Nosy Researchers Are Sniffing a Vintage Library

It’s all an effort to recreate an olfactory landscape of yore

Morgan
What did J.P. Morgan's library smell like in 1906? Peter Burka - Flickr/Creative Commons

Every library has its own smell, from the slick scent of unopened books in a brand-new facility to the sweet, musty odor of old tomes. But is there a way to capture the scent of a particular library—or recreate how it once smelled? As Allison Meier reports for Hyperallergic, a group of researchers is trying to find out.

The experiments are under way at the Morgan Library & Museum in New York. The library was once the private collection of legendary financier J.P. Morgan, who built it next door to his lavish Madison Avenue home between 1902 and 1906. Meier reports that the project came about thanks to a course being taught at Columbia University's Graduate School of Architecture, Planning and Preservation. The graduate program's experimental historic preservation class partnered with the Morgan and its curator of literary and historical manuscripts Christine Nelson, along with International Flavors and Fragrances master perfumer Carlos Benaim as part of an ongoing effort to figure out what the library smelled like when it first opened its doors and how to preserve that smellscape for the future.

To do so involves huffing everything from cigar boxes to textiles to, of course, books.
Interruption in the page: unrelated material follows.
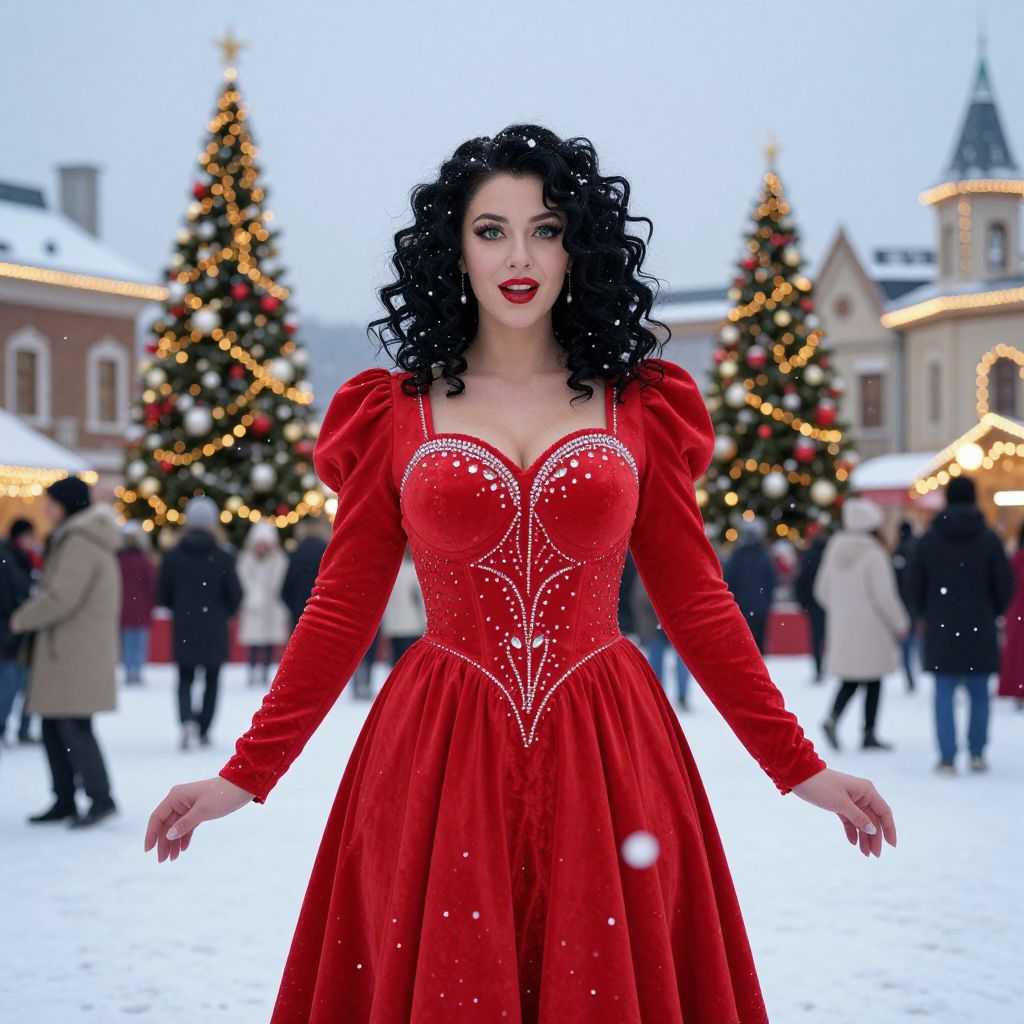 A woman dressed in an elegant red velvet gown adorned with sparkling embellishments stands in a festive winter setting with snow falling around her. The background features beautifully decorated Christmas trees and softly lit buildings, creating a magical holiday atmosphere.

They’re saving the smells, too, using a bell jar-like apparatus. As designer Paul Bennett explained on his blog in 2011, the tool is kind of like a “smell camera,” and it is placed on top of an object to record a copy of an odor's chemical composition. Headspace technology, as the technique is known as, is most often used by perfumers to capture rare smells without losing anything in translation or ruining the object being sniffed.

As the Loyola School Library notes, old books have a particular smell for a reason. As cellulose and lignin inside paper breaks down, different organic compounds are created, wafting out vanilla- and almond-like odors in addition to other, funkier smells. They all mix together to create a unique scent for every book that’s controlled by a host of factors like environmental conditions and the age and makeup of the paper itself.

So what did the Morgan smell like in 1906? The answer is part direct observation, part speculation. “Street smells from Gilded Age New York could have wafted through the windows, mingling with the collection of rare tomes from across various eras, and the cigar puffing of Morgan himself,” writes Meier—and students must carefully study what would have been in the library’s context to understand what it once might have smelled like.

The perfume pioneers hope their work will help future fragrance hunters—Meier writes that they will document their methods in the hopes of taking headspace technology out of the perfume bottle and into academia. Of course, there’s no way to go back in time and take a sniff, which means there’s no absolutely accurate way of profiling a long-gone olfactory landscape. The project might just be the next best thing, though—and might just encourage other people to bury their nose in an old book.

Editor's note, 3/7/17: This story has been updated to clarify that the ongoing project is being done thanks to Columbia University's experimental historic preservation graduate class, in partnership with the Morgan Library and Museum and IFF master perfumer Carlos Benaim.